Le tour du riche imaginaire spirituel et surnaturel développé par le peuple japonais ne serait pas complet sans une mention faite du rôle important tenu par son empereur. Deux livres d’histoire, le Kojiki de 712 et le Nihon Shoki de 720 retranscrivent la fondation mythologique du Japon ainsi que l'origine de son premier empereur. Il s’appelait Jinmu et vécu aux environ de l’an 660 avant notre ère. Il descendait de la déesse Amaterasu, divinité du Soleil, créée seulement cinq générations avant lui. Cela explique l’usage des expressions « demi-dieu » et « dieu vivant » pour désigner l'Empereur du Japon.

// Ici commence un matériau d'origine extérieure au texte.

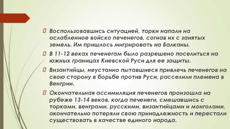 Слайд 7Воспользовавшись ситуацией, торки напали на ослабленное войско печенегов, согнав их

Si depuis la fin de la seconde guerre mondiale l’Empereur du Japon n’occupe que des fonctions purement représentatives et culturelles, ses fonctions religieuses sont toujours importantes. C’est avant tout le Prêtre Suprême du shintoïsme et il préside à ce titre à plus de vingt cérémonies religieuses dans les trois temples, Kyuchu-Sanden, du palais impérial. Le temple Kashikodokoro est dédié à Amaterasu, la déesse de la famille impériale. Le temple Kôrêden est celui des empereurs antécédents. Il est aussi celui des membres défunts de la famille impériale. Le temple Shinden est celui où résident tous les dieux du Japon. Les prières de l’Empereur du Japon et de la famille impériale sont destinées à accroitre le développement et le bonheur de tous les Japonais. Gageons qu’avec un tel soutien ce magnifique peuple vivra longtemps à l’abris des démons qui le guettent et qu’il perpétuera éternellement sa tradition mythologique si particulière et ô combien envoûtante.